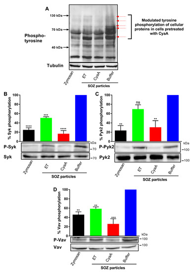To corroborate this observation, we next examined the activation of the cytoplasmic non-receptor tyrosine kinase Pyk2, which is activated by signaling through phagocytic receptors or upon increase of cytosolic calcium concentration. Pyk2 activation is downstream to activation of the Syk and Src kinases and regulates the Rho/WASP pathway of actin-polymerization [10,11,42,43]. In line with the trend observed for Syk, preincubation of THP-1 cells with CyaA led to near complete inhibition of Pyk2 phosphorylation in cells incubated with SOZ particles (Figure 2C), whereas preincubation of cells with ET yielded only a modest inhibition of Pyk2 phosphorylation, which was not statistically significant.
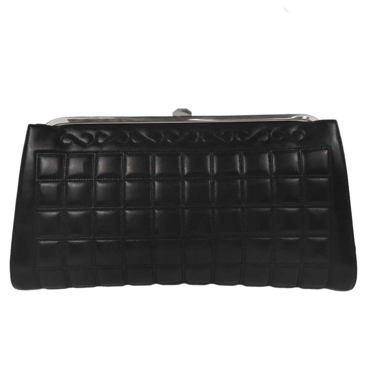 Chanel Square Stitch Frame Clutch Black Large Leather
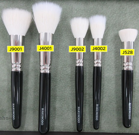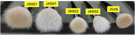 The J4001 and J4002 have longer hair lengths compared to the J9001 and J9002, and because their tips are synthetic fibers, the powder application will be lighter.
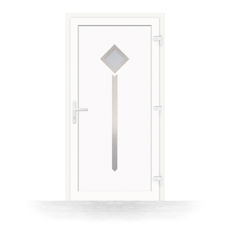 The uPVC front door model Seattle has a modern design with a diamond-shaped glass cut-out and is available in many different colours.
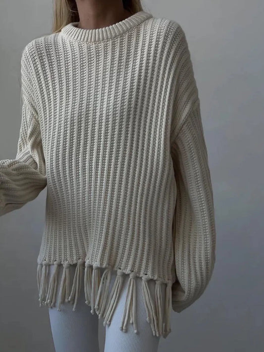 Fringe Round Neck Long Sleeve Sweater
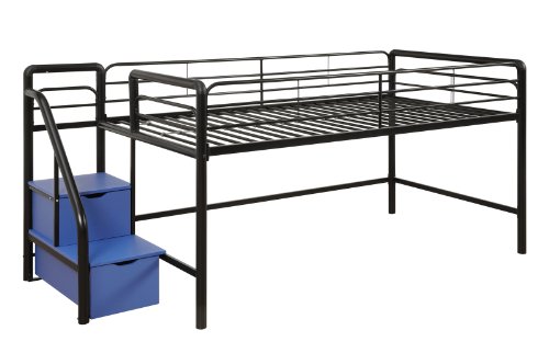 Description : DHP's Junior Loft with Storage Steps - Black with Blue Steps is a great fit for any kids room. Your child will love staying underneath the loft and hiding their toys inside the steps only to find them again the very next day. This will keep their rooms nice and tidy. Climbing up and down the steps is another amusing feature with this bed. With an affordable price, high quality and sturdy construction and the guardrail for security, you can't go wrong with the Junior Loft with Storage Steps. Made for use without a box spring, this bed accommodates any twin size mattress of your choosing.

======

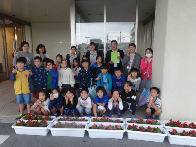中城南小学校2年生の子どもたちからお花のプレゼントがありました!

======

**What is needed:**
Copy exactly the lines of the listing above between the one holding "The uPVC front" and the one holding "Fringe Round Neck Long Sleeve Sweater", inclusive; omit all pictures.

**Answer to the problem:**
 The uPVC front door model Seattle has a modern design with a diamond-shaped glass cut-out and is available in many different colours.
 Fringe Round Neck Long Sleeve Sweater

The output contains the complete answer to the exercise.